Mientras hablo con él, Saraiji se pone la mochila y recluta a un estudiante de posgrado para que use los auriculares VR y ayude a demostrar cómo funciona. Grito algunos comandos, como pedirle al operador de la extremidad robótica que recoja algo. Al principio, busca a tientas un juguete amarillo chirriante con ojos de dibujos animados, luego logra agarrarlo y dárselo a Saraji; luego, una de las manos del robot recupera el juguete y se lo devuelve a Saraji nuevamente. En un momento, Saraiji camina detrás del tipo que opera los brazos en realidad virtual, por lo que el operador puede tocarse el hombro con uno de los dedos del robot y darse un masaje breve en el cuello.

Los diferentes botones en los controladores de Oculus Rift permiten diferentes funciones de los dedos: el operador puede mover los dedos meñique, anular y medio de cada mano robótica simultáneamente con un solo botón, mientras que el pulgar y el índice tienen sus propios controles.

Hermano Igo Krebs , un científico investigador principal del MIT que ha pasado décadas estudiando la robótica de rehabilitación, no cree que el proyecto sea práctico para la rehabilitación.
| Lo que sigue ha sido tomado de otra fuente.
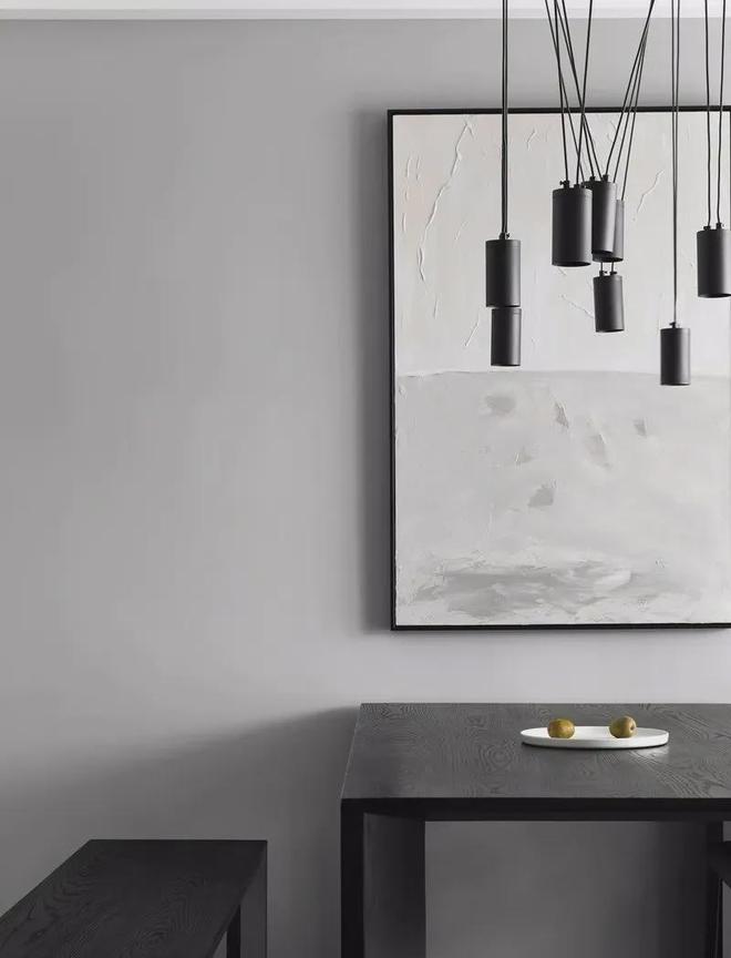 浅灰色墙面上挂着灰白色的的朦胧抽象装饰画,上方装一盏黑色多头的吊灯,也让餐厅充满精致的仪式感。

Pero puede imaginar que puede ser útil en muchas situaciones diferentes: para ayudar a un astronauta en el espacio exterior, por ejemplo, oa un paramédico con un procedimiento médico desconocido.

Saraiji dice que le gustaría convertir el proyecto en un producto real, y él y sus colaboradores están en el proceso de presentarlo a un acelerador de empresas emergentes con sede en Tokio.